Let `I_(m","n)= int sin^(n)x cos^(m)x dx`. Then , we can relate `I_(n ","m)` with each of the following :
(i) `I_(n-2","m) " " (ii) I_(n+2","m)`
(iii) `I_(n","m-2) " " (iv) I_(n","m+2)`
(v) `I_(n-2","m+2)" " I_(n+2","m-2)`
Suppose we want to establish a relation between `I_(n","m)` and `I_(n","m-2)`, then we get
`P(x)=sin^(n+1)x cos^(m-1)x` ...(i)
In `I_(n","m)` and `I_(n","m-2)` the exponent of cos x in m and `m-2` respectively, the minimum of the two is m - 2, adding 1 to the minimum we get `m-2+1=m-1`. Now, choose the exponent of sin x for m - 1 of cos x in P(x). Similarly, choose the exponent of sin x for
`P(x)=(nH)sin^(n)x cos^(m)x-(m-1)sin^(n+2) x cos^(m-2)x`.

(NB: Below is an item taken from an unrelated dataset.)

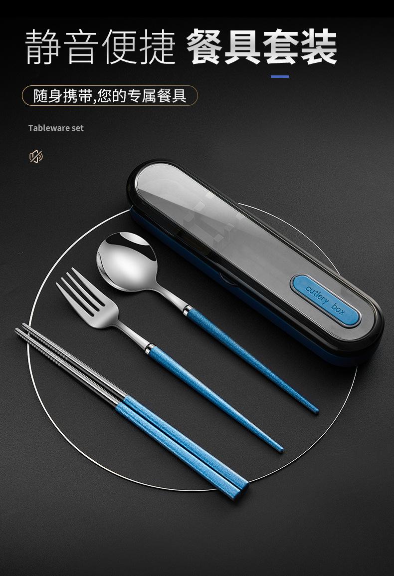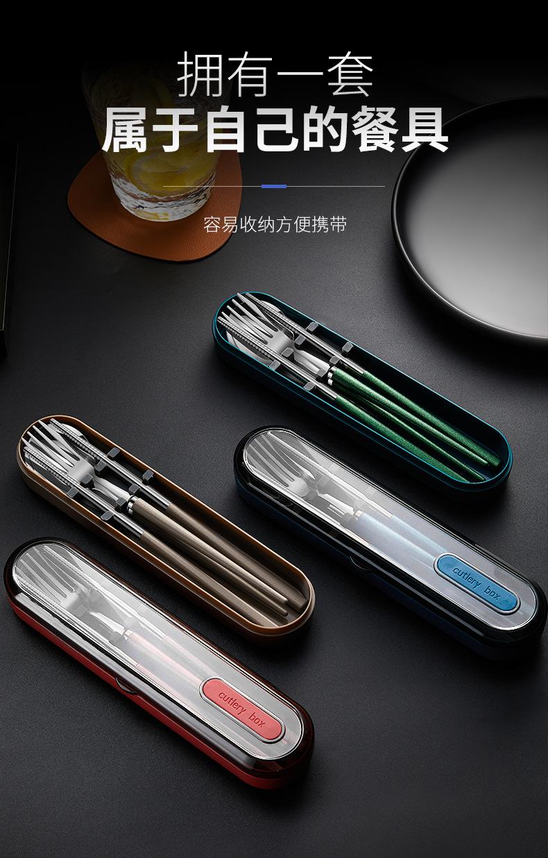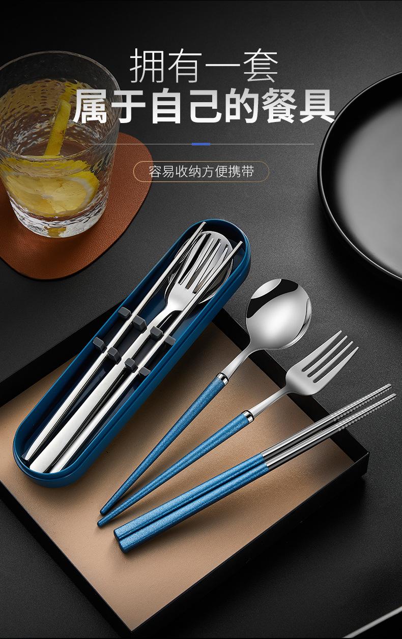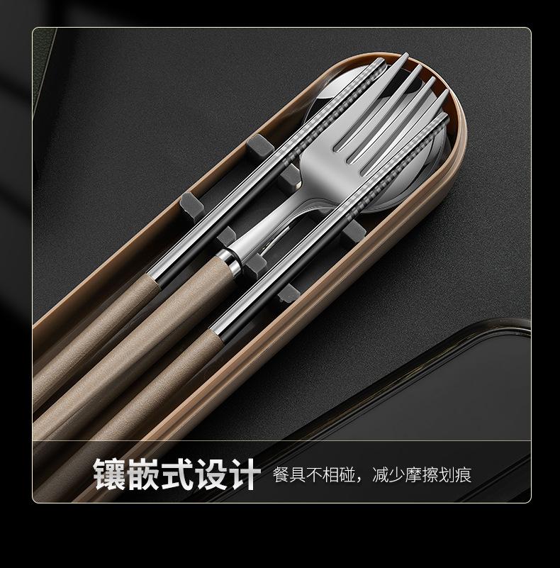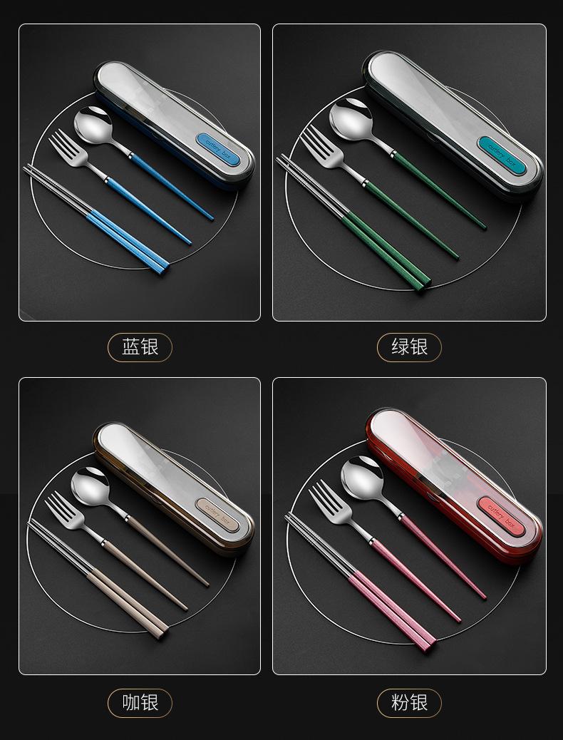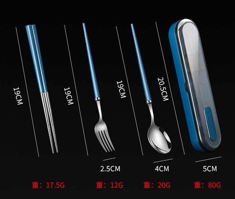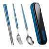 Juego de vajilla portátil de tres piezas de Portugal 304, de acero inoxidable, para viajes al aire libre, para estudiantes, con cuchara, tenedor y palillos.

Now, differentiating both the sides of Eq. (i), we get
`=(n+1)sin^(n)x cos^(m)x-(m-1)sin^(n)x(1-cos^(2)x)cos^(m-2)x`
`=(n+1)sin^(n)x cos^(m)x-(m-1)sin^(n)x cos^(m-2)x+(m-1)sin^(n)x cos^(n)x`
`=(n+m)sin^(n)x cos^(m)x-(m-1)sin^(n)x cos^(m-2)x`
Now, integrating both the sides, we get
`sin^(n+1)x cos^(m-1)x=(n+m)I_(n","m)-(m-1)I_(n","m-2)`
Similarly, we can establish the other relations.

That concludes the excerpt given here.